Ocean wind power, moreover, has had trouble competing with other cheap sources of electricity, including large-scale solar, hydroelectric and natural gas.
Principle
Power, a multinational company based in Emeryville, Calif., that
planned to float five turbines near Oregon in a demonstration project
with the help of as much as $47 million from the Department of Energy,
could not secure a power purchase agreement because the projected cost
of its electricity was considered too expensive.
It
is now pursuing projects elsewhere in the United States and in France,
Portugal, Japan and other European and Asian markets, said Joao Metelo,
the company’s chief executive.
But
advances in the designs are beginning to reduce costs, and there is
potential for them to come below those of conventional offshore wind,
energy executives say. Fixed-foundation turbines require highly
specialized equipment, vessels and installation procedures. In addition,
each must be customized to its location, said Irene Rummelhoff,
executive vice president for new energy solutions at Statoil.
“With
the floating concept, you can use the same turbine everywhere, so you
can see the potential for mass production,” Ms. Rummelhoff said.
Various
types of floating wind platforms are in the works, but two are closest
to commercial availability. Statoil’s design, known as Hywind, attaches
the turbine to a special buoy that uses a steel cylinder filled with
water and rocks as ballast — a floating structure that extends more than
300 feet beneath the water’s surface.
Principle
Power’s foundation, known as the WindFloat, sets the turbine atop one
of three columns that are partly underwater and connected with a
triangular frame.
The
University of Maine’s prototype, part of a demonstration project called
Aqua Ventus that is partly financed by the Department of Energy, is
similar to the WindFloat.

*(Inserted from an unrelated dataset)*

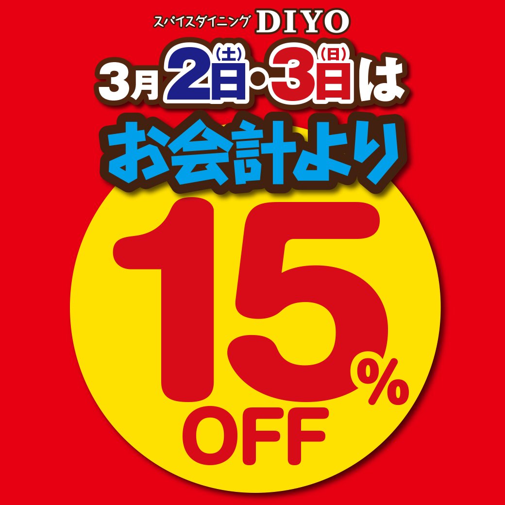 3月2日(土曜日)3日(日曜日)はお会計より15%OFFキャンペーンを開催致します(全ての商品対象です。)テイクアウトも15%OFFになりますので、本格ネパールカレーをご自宅でもご賞味頂けます。
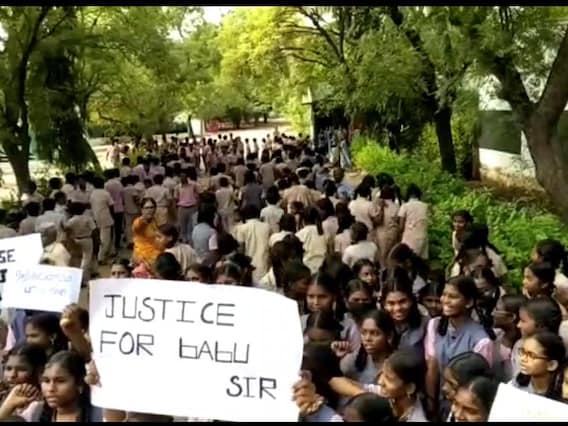 கரூரில் 9ம் வகுப்பு மாணவிக்கு பாலியல் தொல்லை கொடுத்ததாக அரசு பள்ளி ஆசிரியர் கைது செய்யப்பட்ட விவகாரத்தில், மாணவியின் பொய் புகாரில் ஆசிரியர் கைது செய்யப்பட்டுள்ளார் என்றும், அவரை விடுதலை செய்யக் கோரி மாணவ, மாணவிகள் 300க்கும் மேற்பட்டோர் உள்ளிருப்பு போராட்டம் நடத்தினர்.

But Aqua Ventus fixes the turbine on a central
concrete pier attached by spokes to three others, a design Dr. Dagher
said would make it cheaper to produce. It floats because the concrete
contains air.
“The
beauty of this is, every 20 years — which is typically when the turbine
reaches the end of its life — you can tow this back to shore, put a new
turbine on and take it back,” he said.
The
university researchers, who are working in partnership with private
companies, have received about $22.7 million in grants from the Energy
Department, which in May deemed the demonstration project eligible for
as much as $39.9 million more for completion. Dr. Dagher said that if
all went well, his team could have two full-scale turbines pumping
electricity into the Maine grid in 2019 and larger commercial farms
starting construction in the Gulf of Maine by the mid 2020s.
Although
the project has attracted support throughout the state, it has stirred
controversy on Monhegan. The island has a year-round population of about
70 that swells into the thousands over the summer, and its stark beauty
has long made it an artists’ haven.
The
turbines, though about 10 miles from the mainland, will sit less than
three miles from Monhegan, interrupting pristine views and lobster
fishing operations, opponents say.
Supporters
point to the potential for cheaper electricity and better internet
service through an underwater cable connection from the wind farm to the
island. And the local electric company, which labored for years to
build its own reliable, independent system, is continuing to work to
bring renewable energy to the island.
Still,
some residents remain wary of connecting to the Aqua Ventus farm
because it is a test project with a potentially short life and many
uncertainties. Some have even talked of suing to stop the project.
But
with the federal grant, the project is moving ahead. And that, said
Marian Chioffi, the bookkeeper of Monhegan’s electric company, has
residents trying to reach consensus on how the island’s energy future
should look and what economic gain the project should bring them. The
project is required to demonstrate economic benefits for the state.
“Monhegan
isn’t sure what benefit they wanted,’’ Ms. Chioffi said. “But if the
project is going to go here, they want some sort of benefit out of it.”